According to Rahman, India has plans to extend the Kohassa station’s runway to accommodate P-8Is. At the time of writing, only the Utkrosh naval air station in the Nicobar and Andaman Islands has a runway long enough to service the new aircraft. That station is currently home to a squadron of short-range Do-228 maritime patrol aircraft.

More broadly, in 2019, India announced a ten-year infrastructure upgrade program to deploy new aircraft, warships, and anti-ship missile batteries throughout the Andaman and Nicobar Islands. Some elements have now been deployed.

The Indian navy rebased a Kora-class guided-missile corvette to Port Blair, and the Indian air force established a forward base for its Su-30MKI fighters on Car Nicobar.
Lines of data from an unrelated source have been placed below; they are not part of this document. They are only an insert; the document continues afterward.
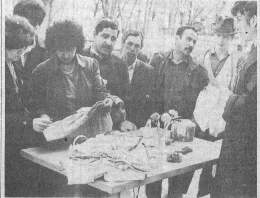
ШАҲРИМИЗНИНГ Октябрь районида мактабларро ўқув-шўба қилариш қўмиталари, кашофлар уйлари ва техника станциялари фаолият қўришда...

бонийхон ҳам Темурадк шахс бўлиш учун кўп ишлар қилган. У ҳам катта мақбара қуришни ният қилган.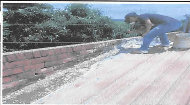
FOTO 11: REMOVER BORDILLO EN LAMINA DE TECHO Y APLICAR NUEVO BORDILLO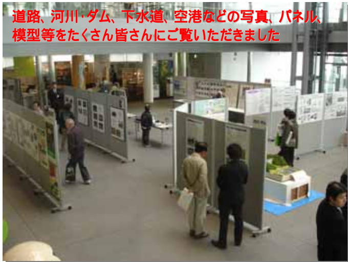
道路、河川・ダム、下水道、空港などの写真、パネル、模型等をたくさん皆さんにご覧いただきました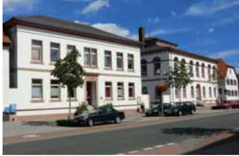
Katholisches und evangelisches Schulhaus

Gedenkstätte für die Gefallenen der Weltkriege (Oskar Veltmann, 1934), wo zwei übergroße Soldatenfiguren aus Muschelkalk Ehrenwache halten. Im weitläufigen Park, der seit 1960 in dieser Form genutzt wird, gibt es eine Vielzahl von Erholungsmöglichkeiten für Jung und Alt, sowie Fitnessgeräte für Senioren und ein Café. Zentral fällt das 2011 errichtete Hochzeitstor auf, das Hochzeitspaaren die Möglichkeit eines repräsentativen Fotos gibt.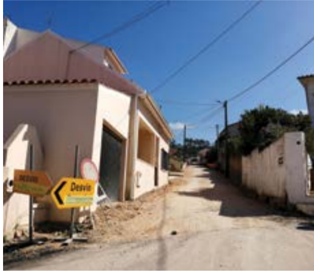
• A derrapagem do prazo já ultrapassa os 240 dias

O vereador independente recordou que, aquando do último adiamento do prazo, “disse que o 28 de Julho seria uma miragem”, frisando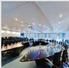
arch. : BEA Raphaël Pistilli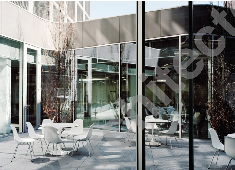
Photos La nouvelle composition du site permet de l'affirmer de façon claire et cohérente en exprimant les fonctions de tous les éléments.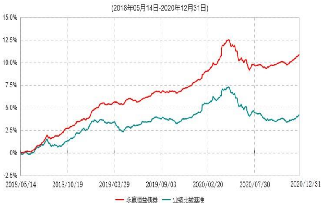
永赢恒益债券型证券投资基金累计净值增长率与业绩比较基准收益率历史走势对比图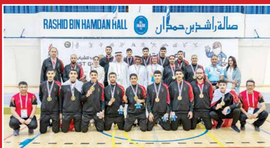
التفاصيل في الملحق الإلكتروني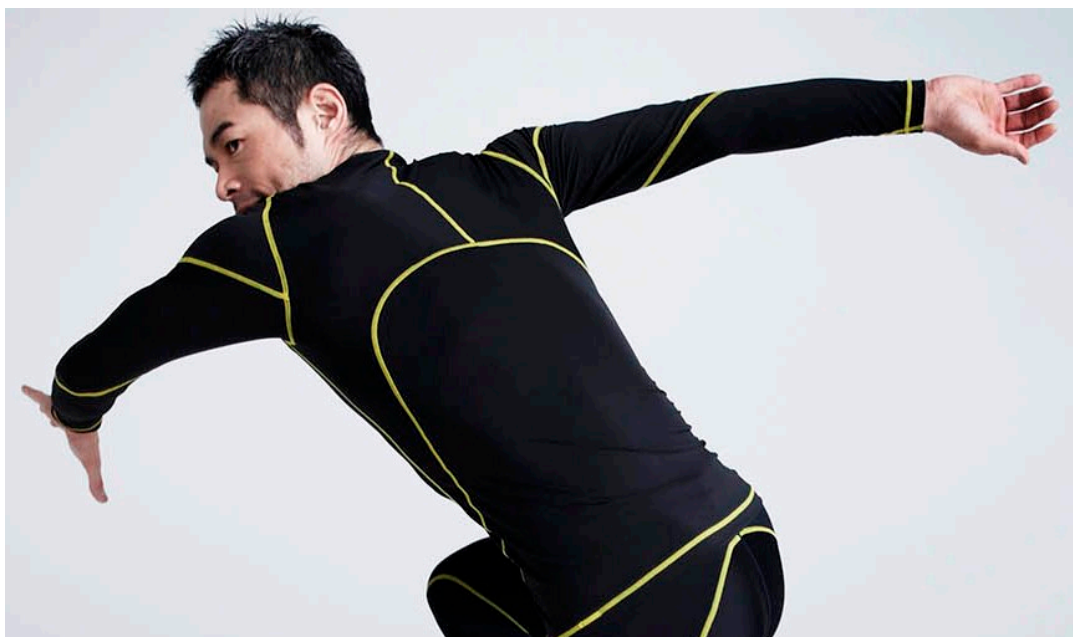
着用商品 『CW-X STYLE FREE TOP』VAO・002 カラー:YE(イエロー)

全国百貨店のスポーツ売場やスポーツチェーン店、スポーツ専門店、「CW-X」コンディショニングストア、ワコールウェブストアで発売し、5万枚の売上を目指します。(2013年2月～7月)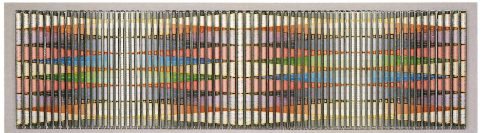
截金ガラス額装「瑠璃放光」 幅3010×奥行70×高830mm

The Indian army has test fired its Brahmos anti-ship missiles from the islands.

Though the Indian Navy is strengthening itself, it is the US Navy which needs to helm the anti-Chinese grey zone operations, Rahman recommends.

Through the Joint Combined Exercise Training (JCET), the Cooperation Afloat Readiness and Training (CARAT) and the Malabar Exercise, the U.S. Navy has helped regional navies support maritime security and maritime domain awareness in the BOB through exercises such as the Malabar exercise.

The Malabar exercise involves mobile anti-submarine training target exercise, cross-deck helicopter operations, and surface gunnery exercises.

“The Andaman and Nicobar (A&N) Islands, which are part of India, are key to India’s security. The A and N islands are only 22 miles from Myanmar. At the southern end, the Indira Point is just 90 miles from Indonesia’s Aceh province and the coast of Thailand lies 270 miles to the east.

“In stark contrast, Port Blair, the capital of And N islands is about 850 miles from Chennai and Kolkata.

“Only 31 of the Andaman archipelago’s 836 islands are inhabited, which means that some of them could be surreptitiously occupied and used against Indian and Western shipping,” former Indian naval chief, wrote Adm. Arun Prakash in Indian Express.

Prakash recalls that as early as in 1962, a Chinese submarine was sighted off the Andamans. In September 1965, after the commencement of India-Pakistan war, Pakistan President Ayub Khan sent retired Air Marshal Asghar Khan as an emissary to seek support from Indonesia.

Air Marshal Khan was taken aback when the Indonesian navy chief, Admiral Martadinata, asked him: “Don’t you want us to take over the Andaman Islands? They are an extension of Sumatra and are, in any case, between East Pakistan and Indonesia. What right do the Indians have to be there?”

Since then, India has upgraded the detachment in the Andaman and Nicobar islands to a joint/unified operational command — the Andaman Nicobar Command (ANC) in Port Blair.

Adm. Arun Prakash recommends that the base in the Andamans maintains a three-dimensional maritime domain awareness through networked assets, including radars, aircraft, satellites and unmanned vehicles. The command must be invested with adequate defensive and offensive firepower, as well as rapid-reaction forces with amphibious and airlift capabilities.

India plans to build a deep-water trans-shipment terminal at Galathea Bay in Car Nicobar to serve the East-West international traffic. To be built at a cost of US$ 9 billion by 2028, this great economic asset has to be defended too.